Liz Truss today becomes Prime Minister of a country shaken by strikes. It’s not just the usual suspects such as train drivers: criminal lawyers, journalists, nurses, call center workers, engineers and garbage truck drivers are among those considering voting for the strike or have already done so.

The farm has promised to make strikes harder to disrupt, saying she will “not let our country be held to ransom by militant trade unionists”. But this answer seems more relevant for the 1970s than today. Much of the current bout of unrest is driven not by powerful union “barons” but from below, the result of a confluence of economic forces that cannot be magically eliminated with new rules on strikes.

The first is the impact of high inflation on people’s wages. Context is important. The arrival of double-digit inflation comes after a long period of stagnation in real wage growth in the UK (linked to the terrible productivity growth since the financial crisis). A pay cut in real terms is painful at the best of times, but harder to bear after a decade without a raise.

Unions say the result has been an explosion of workers. “Obviously we are going through a wave of fairly spontaneous wage activism,” says Martin Smith, organizing manager at the GMB union, who has never seen anything like it since he started working in unions in the 1990s.

“It explodes all around us. . . it really drives the union, rather than the other way around,” says Smith. Amazon warehouse workers, for example, staged unofficial canteen sit-ins in a series of locations to demand higher pay.

The diversity of those on strike is also telling, Smith says. “It indicates there is something deeper, it’s not just the garbage collectors in Littlehampton, it’s people from all walks of life who feel the same way.”

The unions that vote to strike have accomplished feats that are not normally possible.

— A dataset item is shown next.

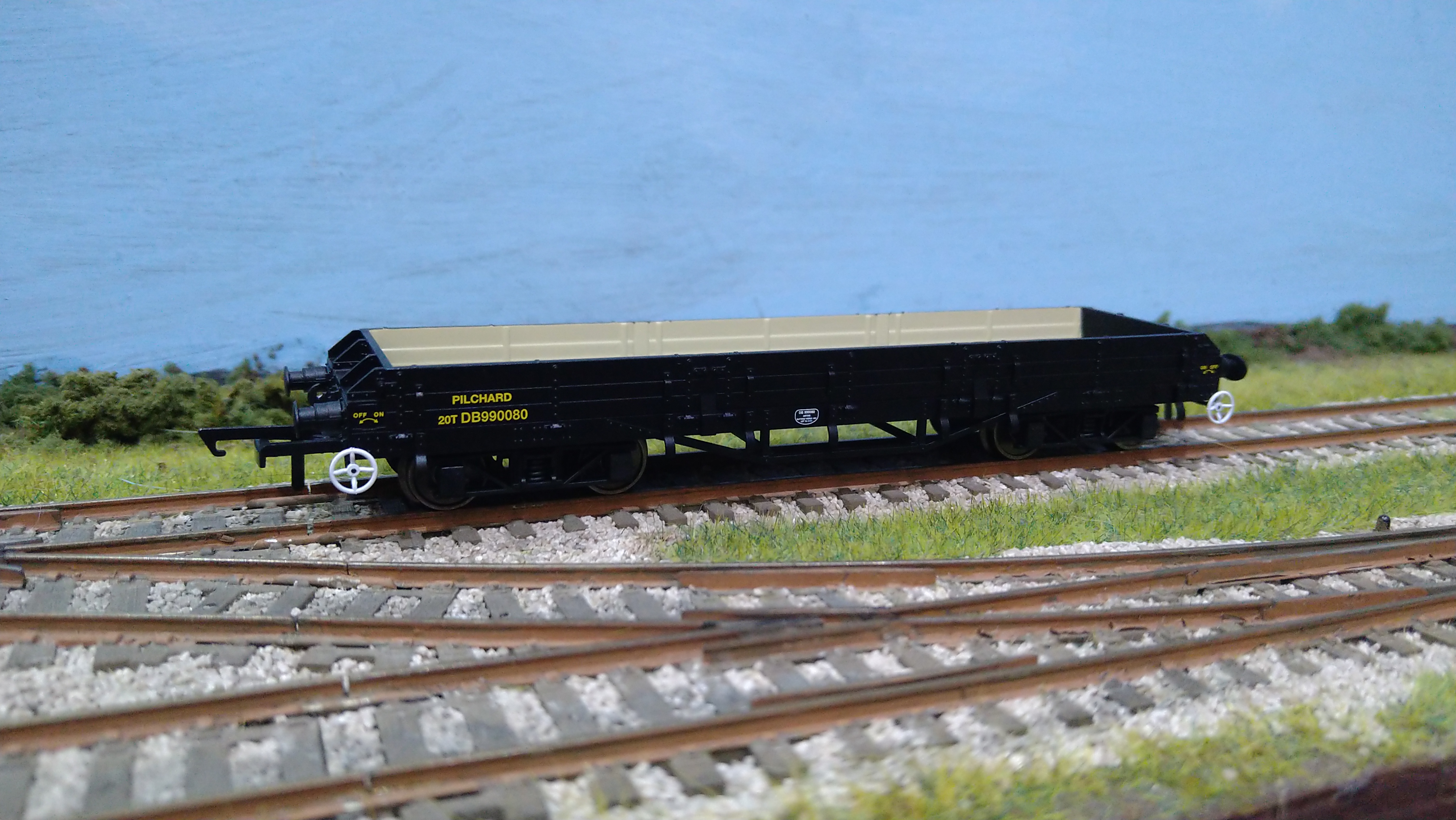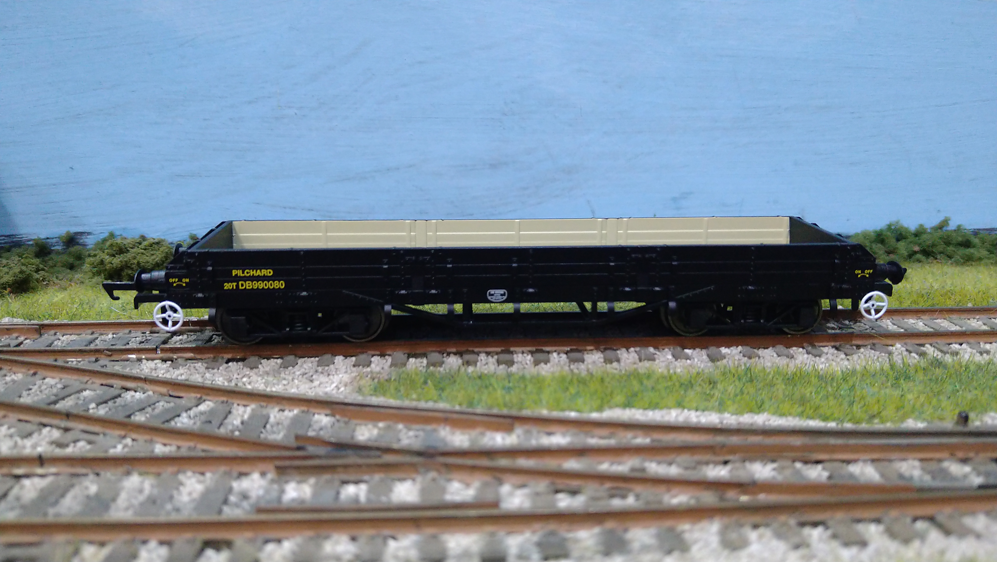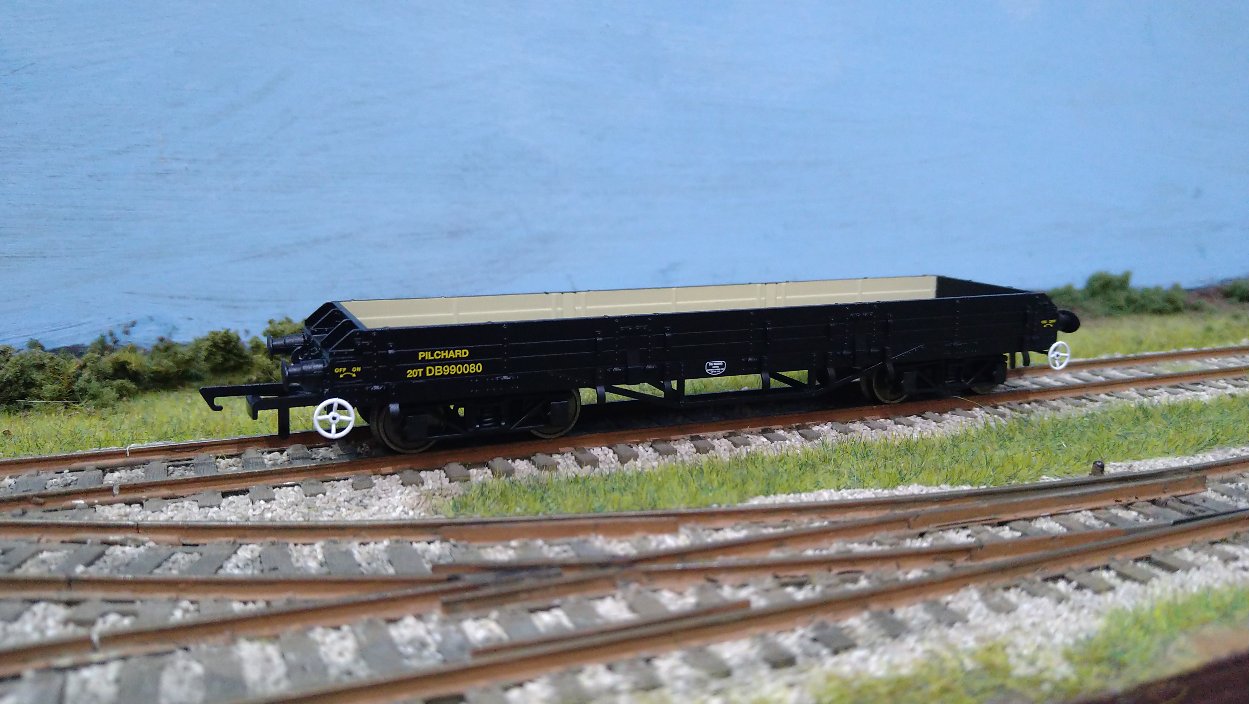 OR76PIL006BW OXFORD RAIL BR TOPS PILCHARD OPEN WAGON DB990083 WEATHERED

When staff at telecommunications company BT voted in June to strike for the first time in 35 years, what was most remarkable was the fact that many of them were call center workers who worked at home – generally an unstable and atomized workforce that is difficult for unions. reach.

The other economic factor is the tightness of the labor market. With an unemployment rate of just 3.8% and more than a million vacancies, workers are more confident to challenge their employers because they know they are in demand. Drivers in particular, from HGVs to garbage trucks, have benefited from labor shortages since Brexit and the pandemic. Last week, some garbage workers in Windsor won a 17% pay rise from Serco after a day-long strike.

Many investors in listed companies are taking a more pragmatic approach to industrial relations, says Tom Powdrill of shareholder advisory firm PIRC. “In the past, it would have been: ‘The unions are terrible, their demands are always outrageous’. Now there is a little more acceptance that there is going to be a battle and that some ground will have to be given.

In the public sector, where the government has offered an average 5% pay rise to 2.5 million workers, qualified staff, from teachers to nurses, also know they are in short supply. In the latest NHS staff survey, which received more than 600,000 responses, only 27% said there were enough workers in their organization to do their jobs properly. In education, a survey by the Head Teachers’ Union found that 95% of respondents reported recruitment difficulties in July, with almost half saying the problem was “serious”.

New rules to make it harder for unions to call strikes would do nothing to solve the public sector’s fundamental recruitment and retention problems. It is also unclear whether the general public would support a union crackdown. An internal TUC poll suggests public support for strikes this year has been stronger than usual, particularly for essential staff who have worked during the pandemic.

The focus of these strikes on wages is easier to convey: anyone can understand why someone would want a pay rise when inflation is over 10%. Strikes for layoffs or changes to work patterns often elicit less sympathy. On the other hand, the public may well turn against strikes if they begin to disrupt such vital things as education and health care.

Either way, it’s time for Truss to put the 1970s aside and look at what’s really happening in 2022. Love unions or hate them, social unrest in the UK this year is the symptom , rather than the cause, of the economy’s problems.